When my friend Carole lost her husband Reggie to melanoma cancer, the full force of the word began to register. After he died, I flew from Chicago to Asheville, North Carolina, to be with my good friend.
The day I arrived, she and I, along with her 7 children, drove to the funeral home to see Reggie one last time. His service was to take place the next day, so this was their final goodbye. It was a difficult hour, especially for the kids, but the room was filled with loving words and touches, a testimony to the good father and husband he was.
As we left the funeral home, Carole leaned over and whispered, “I’m not sure I’ll ever get used to the widow-word.”
And that’s the instant when its meaning came to life. This was my pal, a buddy through college years, teaching years, our weddings, and many babies. Her Reggie and my Nate were strong friends, and the future looked bright.
But a widow? How could we be a foursome without Reggie?
The widow-word ultimately settled in on Carole and she coped valiantly with it, but today, I no longer tag her that way. Though she’s still a widow, more so she is “my friend Carole.” She’s the same spunky person I’ve always known and is just as involved in the lives of others as she’s always been.

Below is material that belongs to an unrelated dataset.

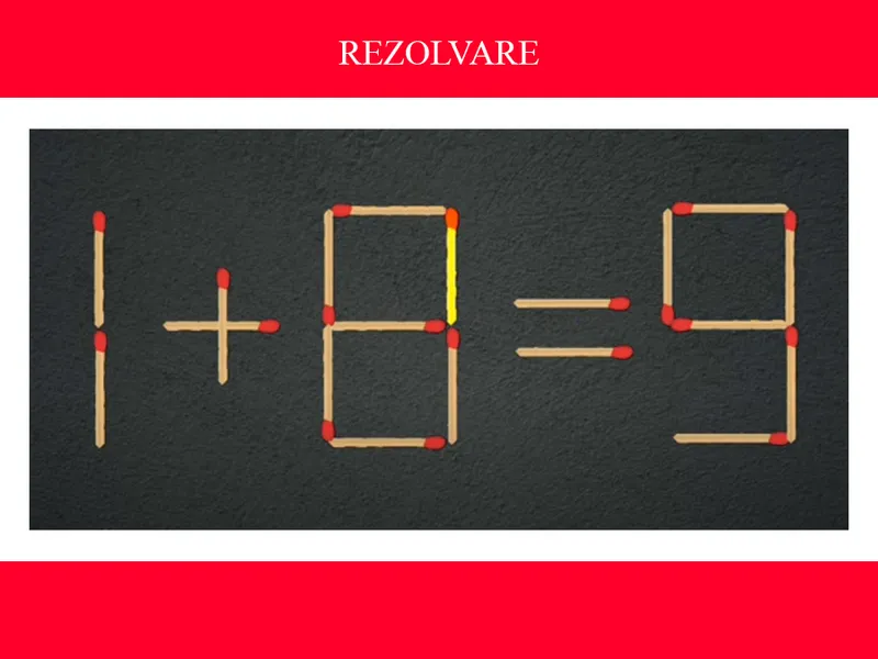 Dacă nu ai reușit, îți arătăm noi rezolvarea, în imaginea de mai jos. Dacă ai reușit să rezolvi, te felicităm! Pentru a rezolva, tot ce trebuie să faci este să iei un chibrit de la cifra 8, astfel încât să o transformi în 9, iar bățul să-l muți la cifra 6, pentru a forma cifra 8. Astfel, obții ecuația corectă: 1+8=9.
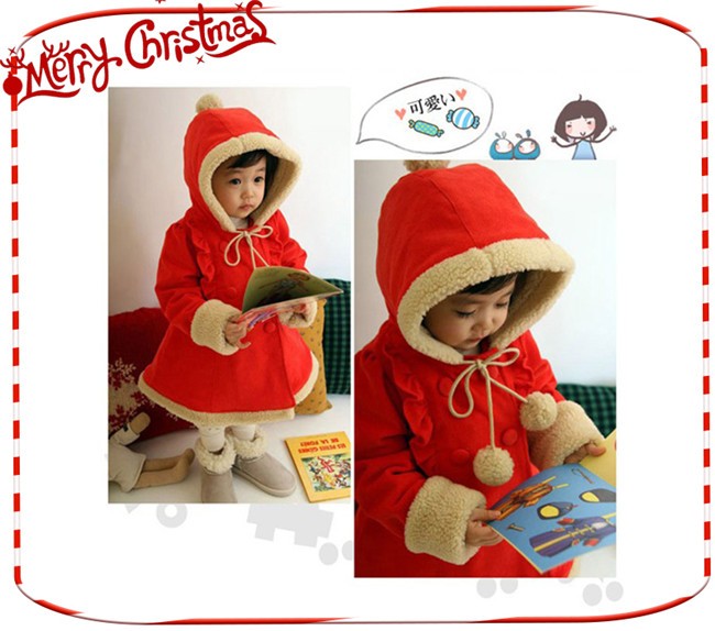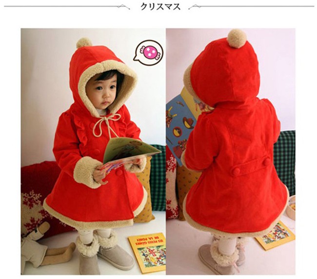 クリスマス 衣装 キッズ コート ロング フード付き ポンポン リボン フリル ダブルボタン aライン 子供服 女の子 アウター 防寒 かわいい 赤 子ども 服 xmas Christmas

Now that Nate has been gone for 2½ years I can honestly say I’ve gotten used to the widow-word, too. In the beginning I hid behind it, craving time alone. Later, I worked to accept it. Eventually the widow-word wrapped itself around me like a cozy cloak as I gratefully accepted the help and love others gave.
But these days, something else is happening. Although I’ll probably be a widow for the duration, the widow-word has relocated itself to a mental back burner. Other words are bubbling up in front of it: grandma, writer, pray-er… and daughter of God.
Though I’ve been God’s child for many years, it was widowhood that made me cling to him in new, practical ways. He is aware of each of our identity crises. He knows radical change is traumatic at best, but as always, he offers a solution: instead of identifying with the labels of this life, simply identify with him. Scripture describes (in over 200 references) what it means to be “in Christ,” and it’s all good.
Both Carole and I know, if the choice is the “widow-word” or the label “in Christ,” there’s no contest.
“In Christ… you have been brought to fullness.” (Colossians 2:10)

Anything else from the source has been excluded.